We have been extending our satellite mosaicking production infrastructure while working on the next version of Cloudless Atlas. The new version of Cloudless Atlas is using Landsat imagery, giving us a half-trillion new cloud-free pixels down to zoom level 12. We have focused on open sourcing key parts of our imagery processing pipeline so that we can work together with other players in the satellite space. A big part of this new processing work is Rasterio, which I wrote for pushing and pulling raster data — all in Python.

Preview of the New Cloudless Atlas, South Africa

Imagining the Cloudless pipeline

When building the Cloudless Atlas pipeline, we knew we would be using the GDAL library and its utilities extensively. GDAL is fast and dependable and open source. Open source was going to be important for the Cloudless Atlas effort. For the kind of extremely flexible pipeline we needed (in terms of rapid development, retargeting, and so forth), licensed software wasn’t even an option.

It was also clear that while we would be using GDAL workhorses like gdal_translate and gdalwarp in the pipeline, the uniqueness of our final product and the need to scale in production would require some new software development. And finally, we were certain that we would being using Python quite a bit, if only to build prototypes and experiment with algorithms, and would be using Numpy in particular. (Python and Numpy are part of the satellite team’s special sauce.)

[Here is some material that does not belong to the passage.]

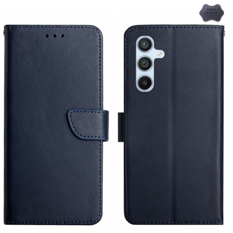 For Samsung Galaxy S24 FE HT02 Genuine Leather Fingerprint-proof Flip Phone Case(Blue)
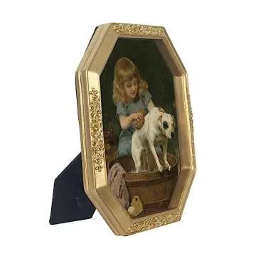 WINPLUS+ 5x7 Vintage Picture Frame, Luxury Antique Polygon Ornate Photo Frame In Pale Gold Tone With Floral Design, Real Glass Front, Retro Home Decor, Wall Mount and Tabletop Display, Art Gallery

To get satellite imagery into Numpy arrays for use with Python, we were going to need our own bridge between GDAL and Python. GDAL has useful Python bindings, but we took the opportunity to design a more fun, more productive, and more forward-looking alternative.

First steps for Rasterio

Rasterio began as a small module of functions to read Numpy arrays from GeoTIFF files and write arrays back to other files. It had a rasterio.open() function modeled after Python’s built-in open(), with familiar file modes like ‘r’ and ‘w’. We gave the dataset object returned by rasterio.open() a matching close() method to make resource handling more deterministic when working with enormous datasets. The read_band() and write_band() methods of dataset objects use Numpy arrays for instances of band data, replacing Band objects entirely and eliminating one of GDAL’s biggest Python gotchas: band objects that reference deleted dataset objects.

Rasterio did not wrap GDAL’s Python bindings, but used Cython, a Python-like language and generator of Python C extension code, with the GDAL C API. Cython gave Rasterio strong performance from the start and let us write less code. Other projects like Pandas use Cython for the same reason.

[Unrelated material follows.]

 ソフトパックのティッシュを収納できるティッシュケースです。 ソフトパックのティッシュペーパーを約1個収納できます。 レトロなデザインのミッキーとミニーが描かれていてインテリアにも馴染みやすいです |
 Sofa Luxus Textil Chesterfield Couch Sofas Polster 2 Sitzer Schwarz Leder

Early on, Rasterio moved to a public Mapbox repository and became one of Mapbox’s many open source projects. This let it catch on quickly with other Python programming raster data analysts. Asger Petersen contributed the ability to read and write raster data subsets. Early prototypes of Cloudless Atlas pipeline components soon ran quickly and smoothly enough to convince the satellite team that Rasterio could replace the default GDAL Python bindings entirely.

Cloudless-driven features

As the new Cloudless Atlas pipeline was built out, it was not long before Rasterio needed to read and write raster band masks, color tables, and metadata, and to configure GDAL’s drivers within programs. A few exploratory side-projects resulted in fun features like feature extraction and array reprojection.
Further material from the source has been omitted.